Satellite images released indicate that work at Gaza pier in
the Mediterranean Sea is going on at an accelerated speed by the US military, but
US motives are also being questioned.
Reportedly,
the Pentagon has confirmed media reports that the pier that is being built by
the US military near Gaza will cost at least $320 million, which is double the
original estimate announced for the project.
“The cost has not just risen. It has exploded,” Senator
Roger Wicker told Reuters.
“This dangerous effort with marginal benefit will now cost
the American taxpayers at least US$320 million to operate the pier for only 90
days,” the Republican lawmaker added.
Around
1,000 US military personnel have been deployed to Gaza’s waters, including from
the army and navy, who are working in close coordination with the Israeli army
and navy to build the pier that the Pentagon says will be operational in May.
The huge investment has raised question marks on how this
costly project will help the man-made starvation across the Gaza Strip.
Once the aid reaches Gaza, it will undergo another land
inspection by the Israeli military, despite being inspected in Cyprus before it
reaches the people of Gaza.
Who
will distribute this aid inside Gaza? Who will send it to the north where food
and water are needed the most? These are among the many key questions that the
White House has declined to provide any answers to.
More importantly, more than 90 aid trucks are being
inspected but blocked from entering Gaza. A leaked internal US State Department
memo has admitted that Israel rejects aid trucks from entering the enclave in
violation of international humanitarian law.
Essentially, the Israeli occupation forces, which have
killed a record number of aid workers numerous times, will be in charge of
handling the aid via this questionable project.
The United Nations has been calling on the Israeli
occupation regime to allow a significant increase in the number of humanitarian
trucks to enter the enclave to avoid famine.
500 trucks entered the Strip on a daily basis before the
war.

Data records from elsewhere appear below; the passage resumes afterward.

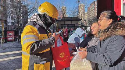 王舍人街道开展暖“新”行动为“快递小哥”发放暖冬礼包。
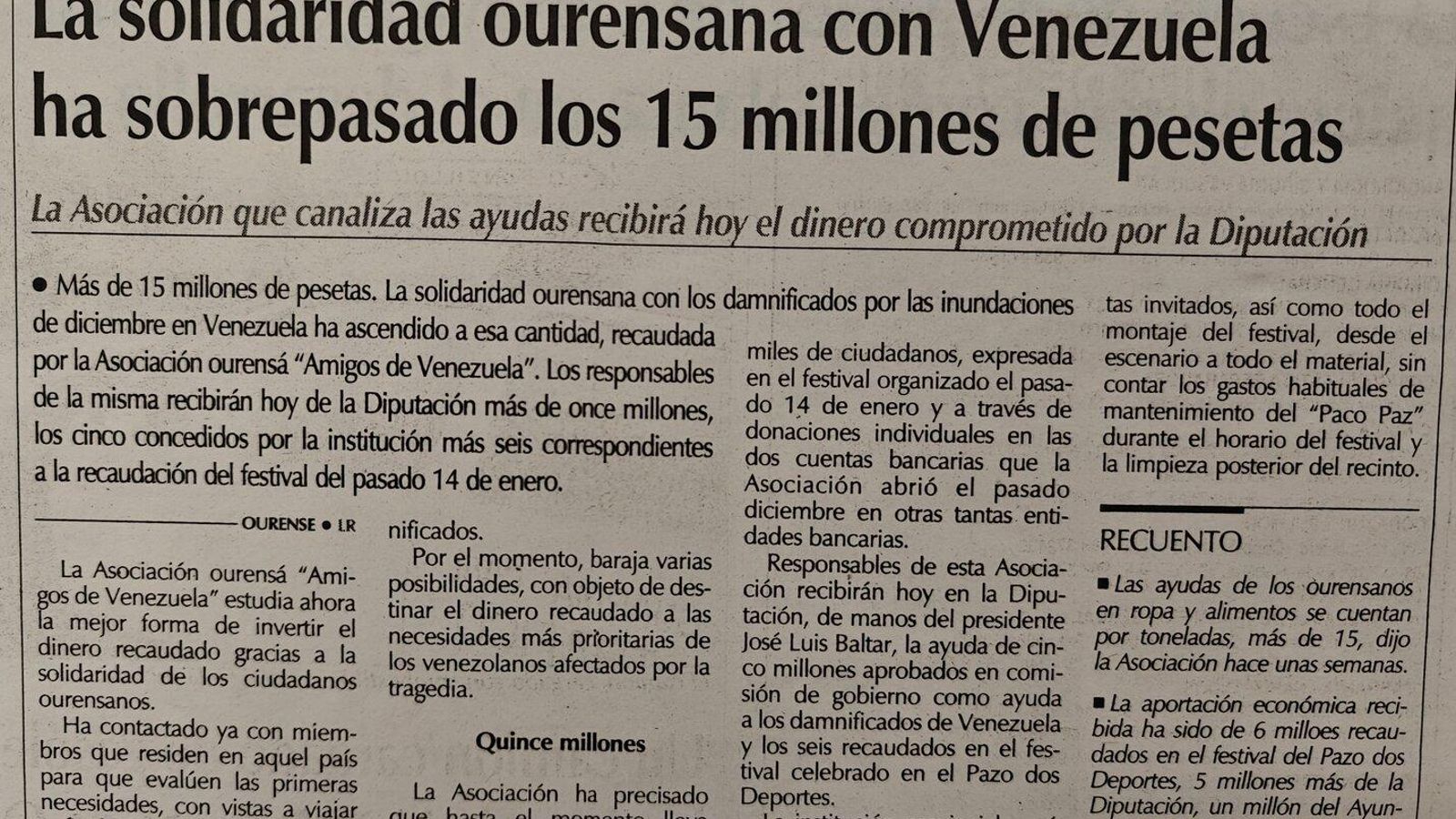 La Asociación ourensana “Amigos de Venezuela” recauda más de 15 millones de pesetas para ayudar a los damnificados por las inundaciones en el país sudamericano, entre ayudas de instituciones públicas como Diputación y Ayuntamiento, donaciones de empresas y la solidaridad de los ourensanos.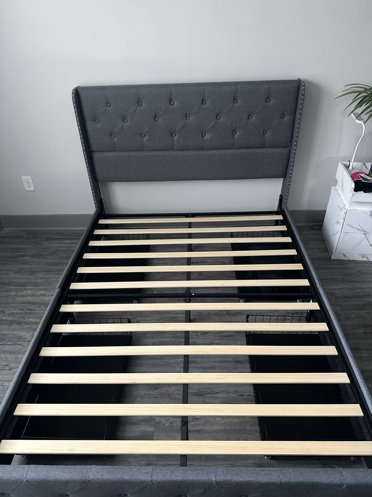 Open-box Queen Size Bed Frame w/ Storage Drawers and Tufted Headboard in GREY. Purchased from Walmart and before building I noticed one of the panels was MISSING the threaded insert (silver piece that allows you to screw the screw into the hole and have it stay). All other necessary pieces are included and unopened. The bed is GREY not white, the additional photos are from the website for measurements. Any questions lmk.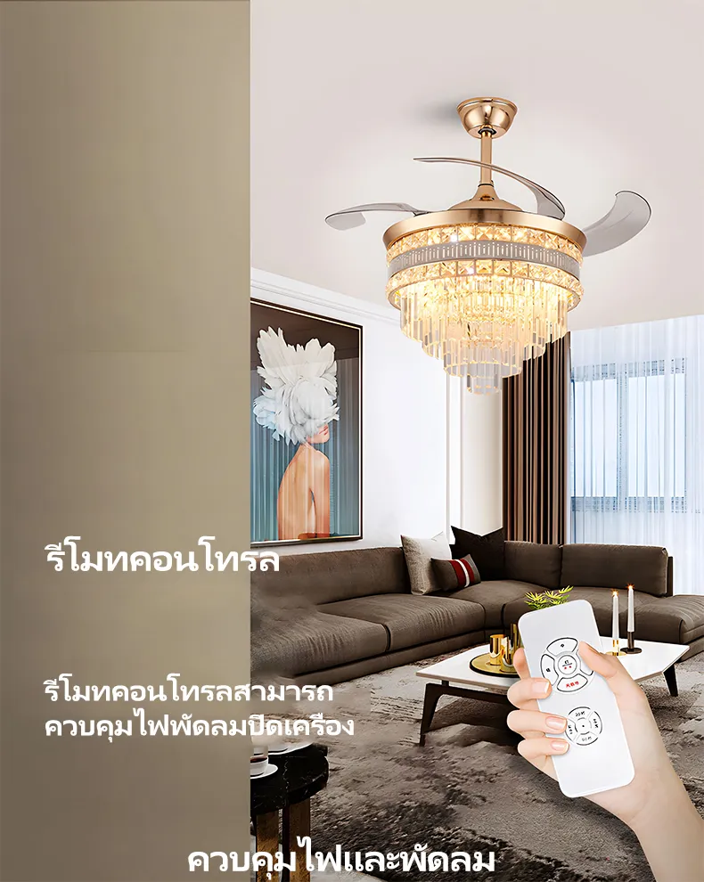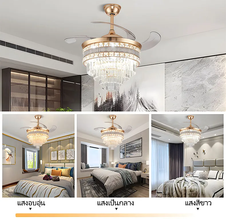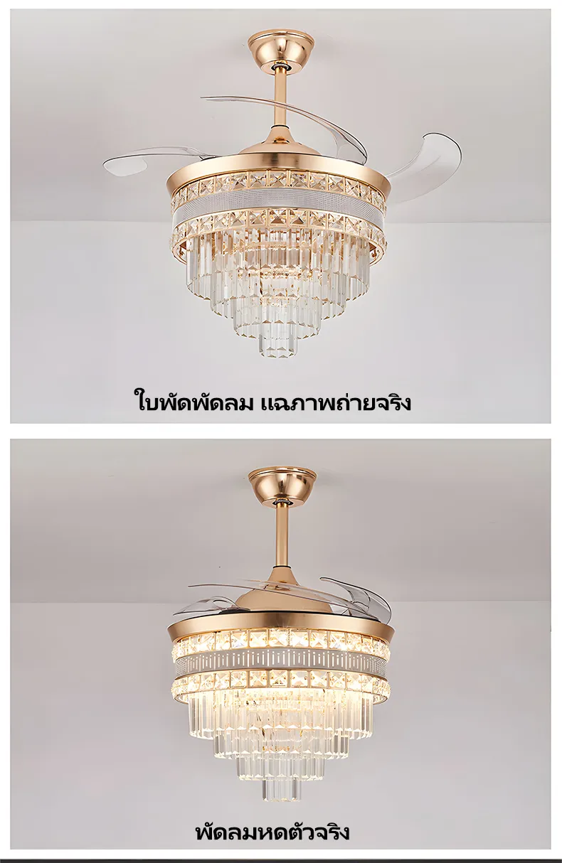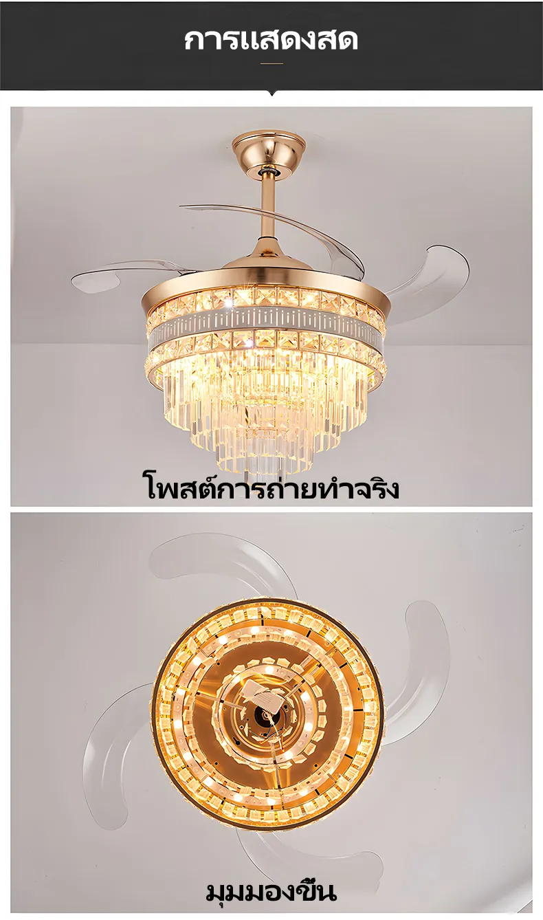 GEJIESE โคมไฟเพดาน พัดลมโคมไฟ โคมไฟพัดลมเพดาน พัดลมเพดาน พัดลมติดเพดาน โคมไฟคริสตัล เปลี่ยนสีไฟได้3สี มีรีโมทควบคุม ไฟพัดลมอัจฉริยะLED ไฟระย้า

UN officials say the daily figures needed now vastly exceed pre-war
levels.
Last week, the UN pointed out that the average number of
trucks entering Gaza every day during April was 200, which is far below the
required level.
Critics
of the US project say it is difficult to see how 90 extra trucks, should they
reach the Palestinians, will alleviate the humanitarian crisis given the time,
costs and the number of service members involved in the US port being built off
the Gaza coast.
“How much will taxpayers be on the hook once – or if – the
pier is finally constructed?” Wicker noted.
The administration of US President Joe Biden, which
announced the project in early March, has been accused of allowing excessive
food shortage in Gaza under its watch by refusing to pressure the Israeli
occupation regime to stop preventing food and water from entering the enclave.
There
are serious questions over the real motives of the US for establishing the
pier. It has been criticized by aid agencies as glossing over the humanitarian
crisis facing the Palestinians.
There
are suspicions that the US wants to maintain the port and turn it into a
military base or use the floating pier to transfer portions of the Gaza
population elsewhere in what is legally defined as ethnic cleansing.
In a statement, the Israeli military said it is involved in
the port’s construction with logistical support as well as an Israeli military
brigade, which includes thousands of soldiers, along with the Israeli navy and
air force.
The
only party that is not involved in the project is the Palestinians, who have
once again been sidelined. Hamas has warned it would target foreign forces,
uninvited, on Palestinian land or water.
“We
categorically reject any non-Palestinian presence in Gaza, whether at sea or on
land, and we will deal with any military force present in these places, Israeli
or otherwise … as an occupying power,” Khalil al-Hayya, a top Hamas political
official, told the Associated Press last week.
He added Israeli forces “have not destroyed more than 20% of
(Hamas’) capabilities, neither human nor in the field.”